[WORKING DATA Boundary: Start]

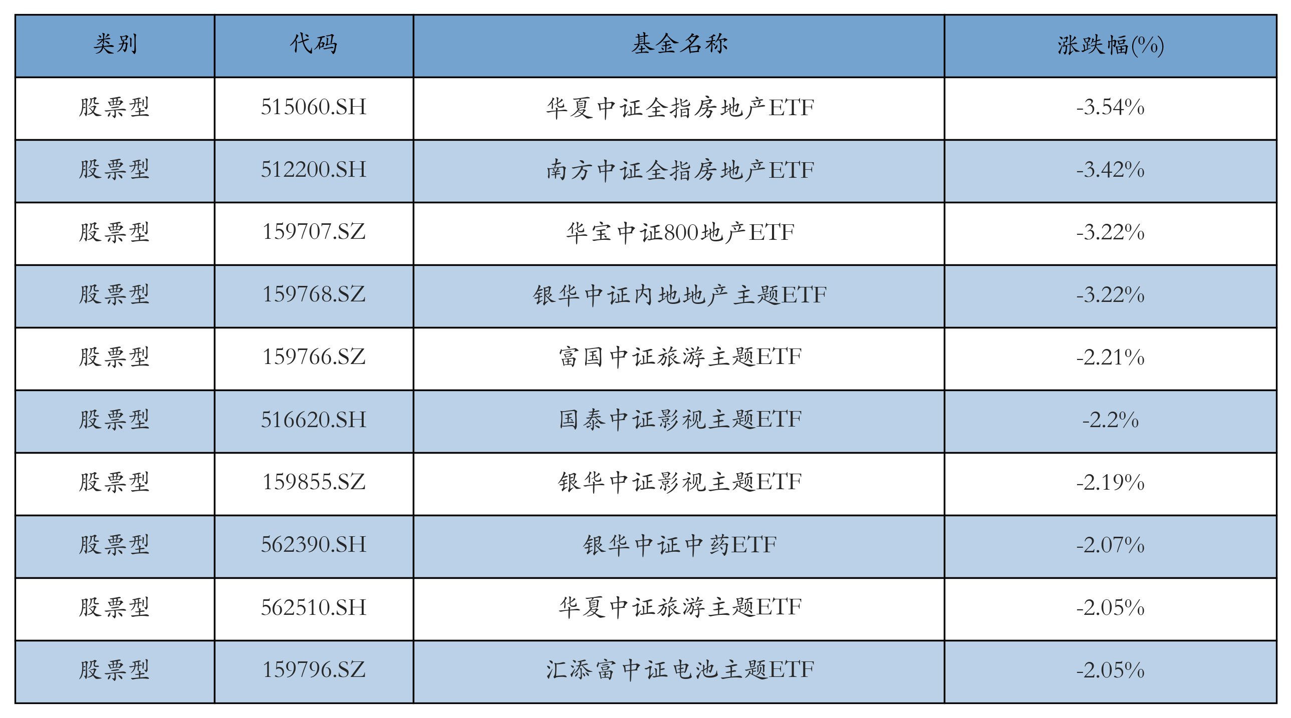 昨日股票型ETF跌幅最大的3支ETF及其收益率分别为:华夏中证全指房地产ETF(-3.54%)、南方中证全指房地产ETF(-3.42%)、华宝中证800地产ETF(-3.22%)。跌幅前10详情见下表:
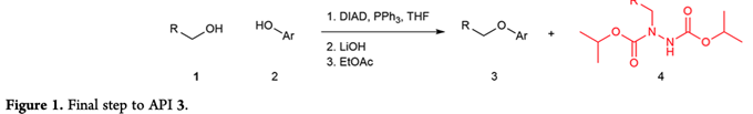 一種金尿?qū)巻窝趺福↘MO)抑制劑,正在開發(fā)中,用于治療急性胰腺炎。合成的最后一個化學(xué)鍵形成階段涉及三菱反應(yīng)耦合中間體1和2,然后將遠(yuǎn)程酯官能團(tuán)原位水解為羧酸,然后通過結(jié)晶分離(圖1)。在對用于生產(chǎn)原料藥3的合成途徑的計算機(jī)分析中,在臨床研究中首次確定了合理的過程雜質(zhì)4具有潛在的誘變性。
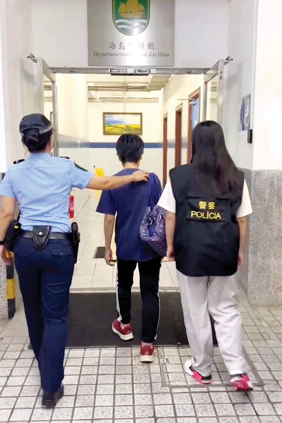 This undated photo provided by the Public Security Police (PSP) yesterday shows PSP officers escorting the local suspect to a police station.
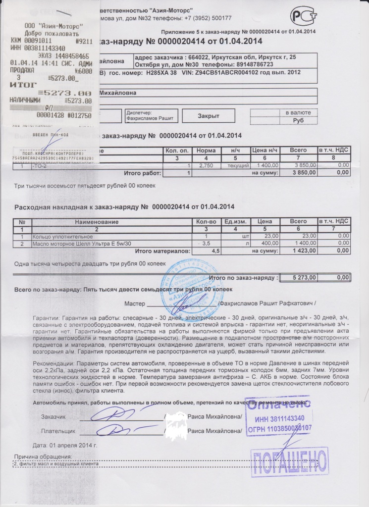 Итак про ТО-2, да и вообще про то, как то проходит в цивилизации. На каждый авто проданный у официального дилера в компакте ключей и документов идет инструкция по эксплуатации (на русском языке) и сервисная книжка, где отмечаются предпродажная подготовка, плановые ТО и прочие болячки выявленные в процессе эксплуатации. Эдакая "история болезни", которая заведена на каждого из нас в поликлиниках по месту жительства. Дилеры пытаются убедить, что только их сервисные центры могут проводить ТО, предоставлять запчасти, делать записи в сервисной книжке. Свистят!!! Закон о защите прав потребителей никто не отменял, поэтому если проводить обслуживание в сервисных центрах имеющих все сертификаты, оформляющих предусмотренные законом "Заказ-наряды" (вложение) и имеющие круглые печати - то только суд может решить, что обслуживание проводилось не в соответствии с регламентом. При наличии всех документов, сертификатов и чеков на запчасти (покупаю на "экзисте") дилеру будет очень сложно доказать, что это "мы поломали", а не заводской брак. Так что, Магаданцы, если берете к примеру Киа Рио с гарантийным сроком 5 лет, проводите плановое ТО, к примеру, на СТО "Машиностроитель" и сохраняете все чеки, то гарантию у вас отнять никто не сможет. Факт! Отвлекся. То-2 проводится на 30.000 или через 2 года после продажи авто. Запчасти, как уже сказал, брал на Exist.ru, это получается примерно в 3 раза дешевле чем у ОД. Комплект фильтр салона, воздушный и масляный фильтр, прокладка под сливную пробку обошлись в 850 руб. с учетом доставки. Все детали - оригинальные, не аналог. Но все равно стоимость ТО кусается, более 5.000 рублей. Связано это с тем, что проводят полную диагностику подвески, двигателя, трансмиссии, кузова, тормозной и рулевой системы, в общем все проверяют по полной программе. Что мы имеем: остаток передних колодок 6 мм (новые 11), задних 7 мм (новые тоже 11), тормозная жидкость- норма, ОЖ до -40 (норма), электролит - норма, вся подвеска в порядке, сальники все целые, течей нет, даже ни одна лампочка не перегорела. Жмите тапку дальше! Скукотища... Следует отметить, что автомобиль ночует на улице, этой зимой мама решила даже в лютые морозы не выходить и не прогревать его (даже в -40, мол и так заводится!). Живет хозяйка за городом и от асфальтированного шоссе до ее дома имеется грунтовка протяженностью 5 км. (ничем не отличается от того, что было в сторону Армани лет 5 назад - скажу так, вдруг там асфальт уже везде?) Так что каждый выезд -это примерно 10% от общего пробега проходит по средне- убитой грунтовой дороге. Из претензий - перегорела одна нить обогрева заднего стекла. На месте дефект не выявили, поэтому надо сделать фото и видео когда стекло запотевшее и дефект будет явно виден. Стекло поменяют по гарантии целиком, прецеденты уже были. Еще слегонца шоркнуты передний и задний бамперы - издержки эксплуатации. Причем оба косяка мои Все... Едем дальше. Еще! Т.к. прошли ТО у ОД, то продлили программу помощи на дорогах на один год. Это если автомобиль сломается, у него кончится бензин в радиусе 80 км. от любого дилерского центра, то бензин доставят (возьмут только его стоимость) либо сам автомобиль эвакуируют. Бесплатно. Спасибо! — Рамзес
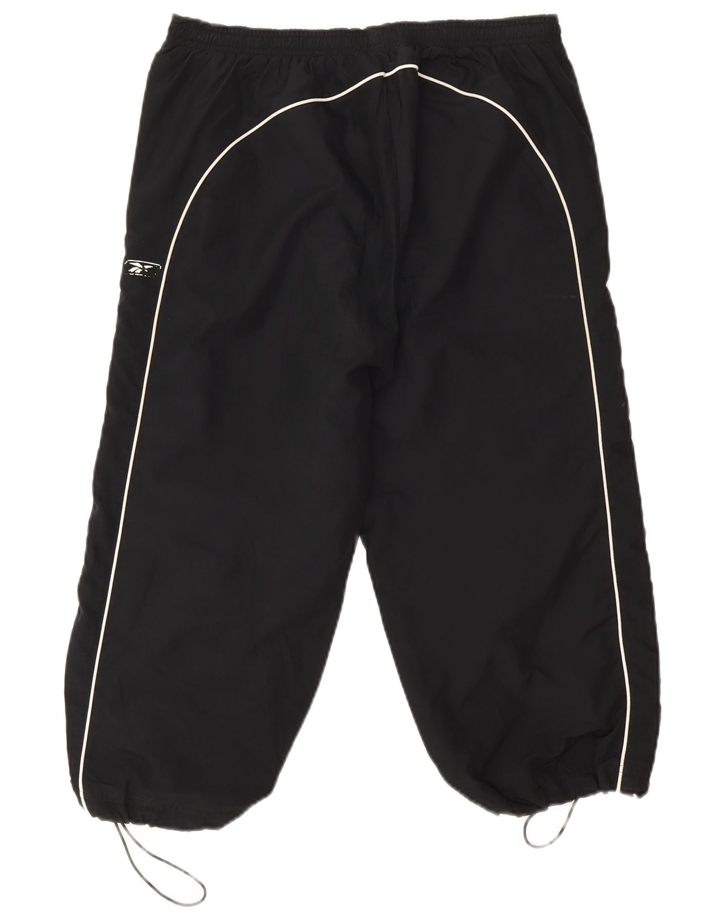 - Descrição da IA: Estas calças de treino femininas Reebok são confeccionadas em tecido preto, oferecendo um acabamento à prova de vento. Eles apresentam um ajuste capri descontraído com cintura elástica para maior conforto. Cordões ajustáveis na bainha permitem um formato personalizável. O debrum branco percorre as laterais, adicionando um contraste esportivo. Bolsos práticos e um logotipo sutil completam o design.

[WORKING DATA Boundary: End]

TASK TO CARRY OUT:
Could you output the full set of entries exactly, skipping every picture?

OUTPUT FOR THIS EXERCISE:
 昨日股票型ETF跌幅最大的3支ETF及其收益率分别为:华夏中证全指房地产ETF(-3.54%)、南方中证全指房地产ETF(-3.42%)、华宝中证800地产ETF(-3.22%)。跌幅前10详情见下表:
 一種金尿?qū)巻窝趺福↘MO)抑制劑,正在開發(fā)中,用于治療急性胰腺炎。合成的最后一個化學(xué)鍵形成階段涉及三菱反應(yīng)耦合中間體1和2,然后將遠(yuǎn)程酯官能團(tuán)原位水解為羧酸,然后通過結(jié)晶分離(圖1)。在對用于生產(chǎn)原料藥3的合成途徑的計算機(jī)分析中,在臨床研究中首次確定了合理的過程雜質(zhì)4具有潛在的誘變性。
 This undated photo provided by the Public Security Police (PSP) yesterday shows PSP officers escorting the local suspect to a police station.
 Итак про ТО-2, да и вообще про то, как то проходит в цивилизации. На каждый авто проданный у официального дилера в компакте ключей и документов идет инструкция по эксплуатации (на русском языке) и сервисная книжка, где отмечаются предпродажная подготовка, плановые ТО и прочие болячки выявленные в процессе эксплуатации. Эдакая "история болезни", которая заведена на каждого из нас в поликлиниках по месту жительства. Дилеры пытаются убедить, что только их сервисные центры могут проводить ТО, предоставлять запчасти, делать записи в сервисной книжке. Свистят!!! Закон о защите прав потребителей никто не отменял, поэтому если проводить обслуживание в сервисных центрах имеющих все сертификаты, оформляющих предусмотренные законом "Заказ-наряды" (вложение) и имеющие круглые печати - то только суд может решить, что обслуживание проводилось не в соответствии с регламентом. При наличии всех документов, сертификатов и чеков на запчасти (покупаю на "экзисте") дилеру будет очень сложно доказать, что это "мы поломали", а не заводской брак. Так что, Магаданцы, если берете к примеру Киа Рио с гарантийным сроком 5 лет, проводите плановое ТО, к примеру, на СТО "Машиностроитель" и сохраняете все чеки, то гарантию у вас отнять никто не сможет. Факт! Отвлекся. То-2 проводится на 30.000 или через 2 года после продажи авто. Запчасти, как уже сказал, брал на Exist.ru, это получается примерно в 3 раза дешевле чем у ОД. Комплект фильтр салона, воздушный и масляный фильтр, прокладка под сливную пробку обошлись в 850 руб. с учетом доставки. Все детали - оригинальные, не аналог. Но все равно стоимость ТО кусается, более 5.000 рублей. Связано это с тем, что проводят полную диагностику подвески, двигателя, трансмиссии, кузова, тормозной и рулевой системы, в общем все проверяют по полной программе. Что мы имеем: остаток передних колодок 6 мм (новые 11), задних 7 мм (новые тоже 11), тормозная жидкость- норма, ОЖ до -40 (норма), электролит - норма, вся подвеска в порядке, сальники все целые, течей нет, даже ни одна лампочка не перегорела. Жмите тапку дальше! Скукотища... Следует отметить, что автомобиль ночует на улице, этой зимой мама решила даже в лютые морозы не выходить и не прогревать его (даже в -40, мол и так заводится!). Живет хозяйка за городом и от асфальтированного шоссе до ее дома имеется грунтовка протяженностью 5 км. (ничем не отличается от того, что было в сторону Армани лет 5 назад - скажу так, вдруг там асфальт уже везде?) Так что каждый выезд -это примерно 10% от общего пробега проходит по средне- убитой грунтовой дороге. Из претензий - перегорела одна нить обогрева заднего стекла. На месте дефект не выявили, поэтому надо сделать фото и видео когда стекло запотевшее и дефект будет явно виден. Стекло поменяют по гарантии целиком, прецеденты уже были. Еще слегонца шоркнуты передний и задний бамперы - издержки эксплуатации. Причем оба косяка мои Все... Едем дальше. Еще! Т.к. прошли ТО у ОД, то продлили программу помощи на дорогах на один год. Это если автомобиль сломается, у него кончится бензин в радиусе 80 км. от любого дилерского центра, то бензин доставят (возьмут только его стоимость) либо сам автомобиль эвакуируют. Бесплатно. Спасибо! — Рамзес
 - Descrição da IA: Estas calças de treino femininas Reebok são confeccionadas em tecido preto, oferecendo um acabamento à prova de vento. Eles apresentam um ajuste capri descontraído com cintura elástica para maior conforto. Cordões ajustáveis na bainha permitem um formato personalizável. O debrum branco percorre as laterais, adicionando um contraste esportivo. Bolsos práticos e um logotipo sutil completam o design.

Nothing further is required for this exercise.